Stored items
━━━━━━
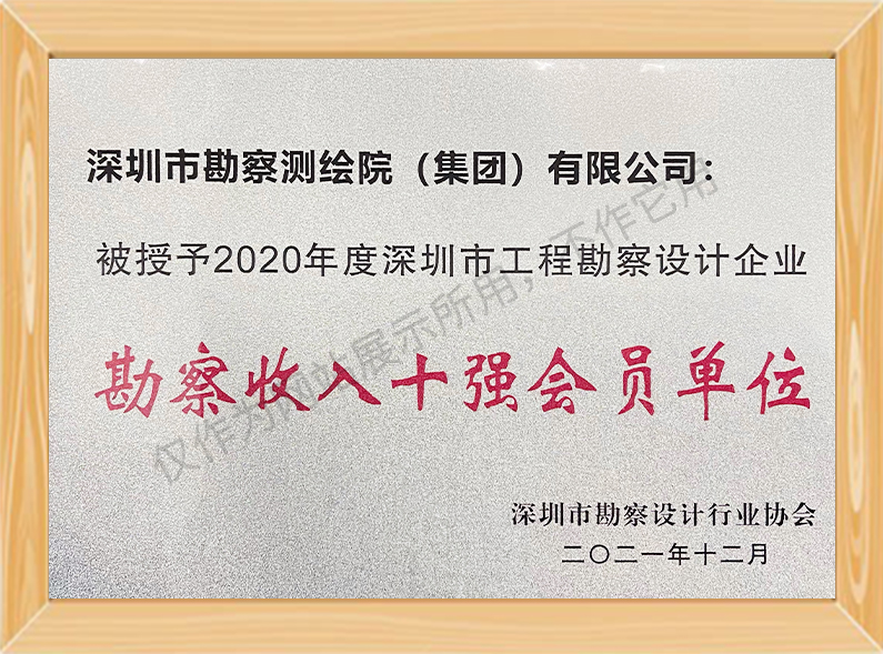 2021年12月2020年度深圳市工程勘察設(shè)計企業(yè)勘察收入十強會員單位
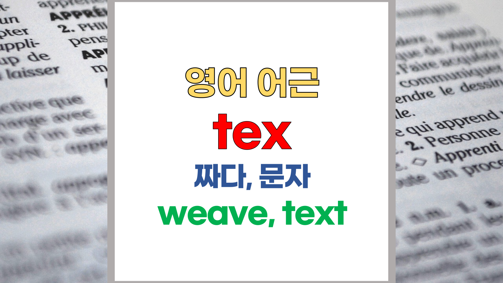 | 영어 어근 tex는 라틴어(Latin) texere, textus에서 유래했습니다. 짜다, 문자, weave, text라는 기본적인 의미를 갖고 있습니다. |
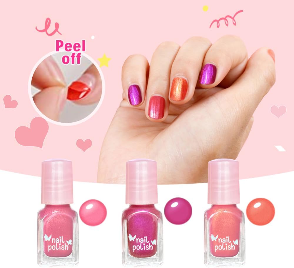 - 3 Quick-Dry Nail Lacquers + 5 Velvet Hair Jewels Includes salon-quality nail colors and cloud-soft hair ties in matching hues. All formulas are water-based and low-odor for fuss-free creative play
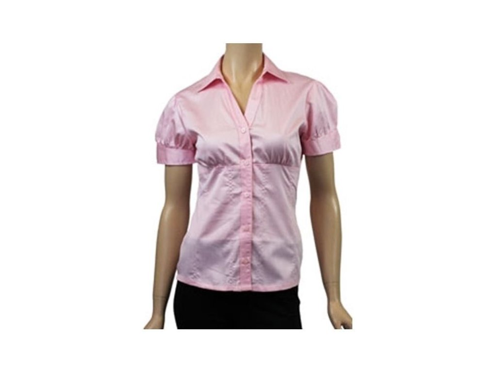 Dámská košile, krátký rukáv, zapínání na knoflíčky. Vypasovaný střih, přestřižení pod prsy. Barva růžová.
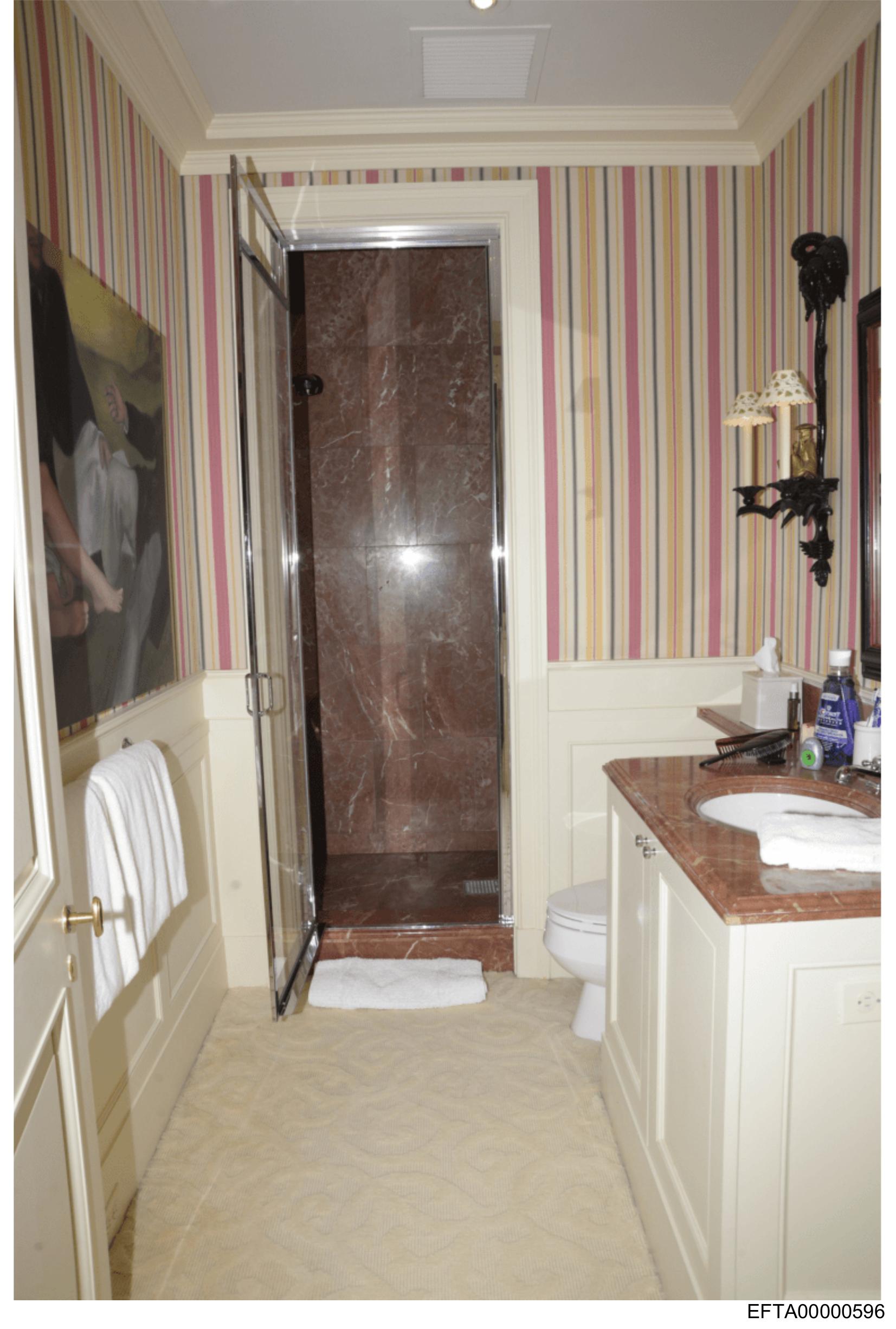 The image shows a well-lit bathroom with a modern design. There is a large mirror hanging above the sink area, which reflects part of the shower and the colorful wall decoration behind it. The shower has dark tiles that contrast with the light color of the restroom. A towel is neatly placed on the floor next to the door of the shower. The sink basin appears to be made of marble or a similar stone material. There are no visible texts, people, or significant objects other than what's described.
━━━━━━
> [TASK BRIEF]: Exactly the lines from the one holding "Dámská košile, krátký" through the last line of the entries, both included, are to be duplicated; leave the pictures out.

> [ANSWER]:
 Dámská košile, krátký rukáv, zapínání na knoflíčky. Vypasovaný střih, přestřižení pod prsy. Barva růžová.
 The image shows a well-lit bathroom with a modern design. There is a large mirror hanging above the sink area, which reflects part of the shower and the colorful wall decoration behind it. The shower has dark tiles that contrast with the light color of the restroom. A towel is neatly placed on the floor next to the door of the shower. The sink basin appears to be made of marble or a similar stone material. There are no visible texts, people, or significant objects other than what's described.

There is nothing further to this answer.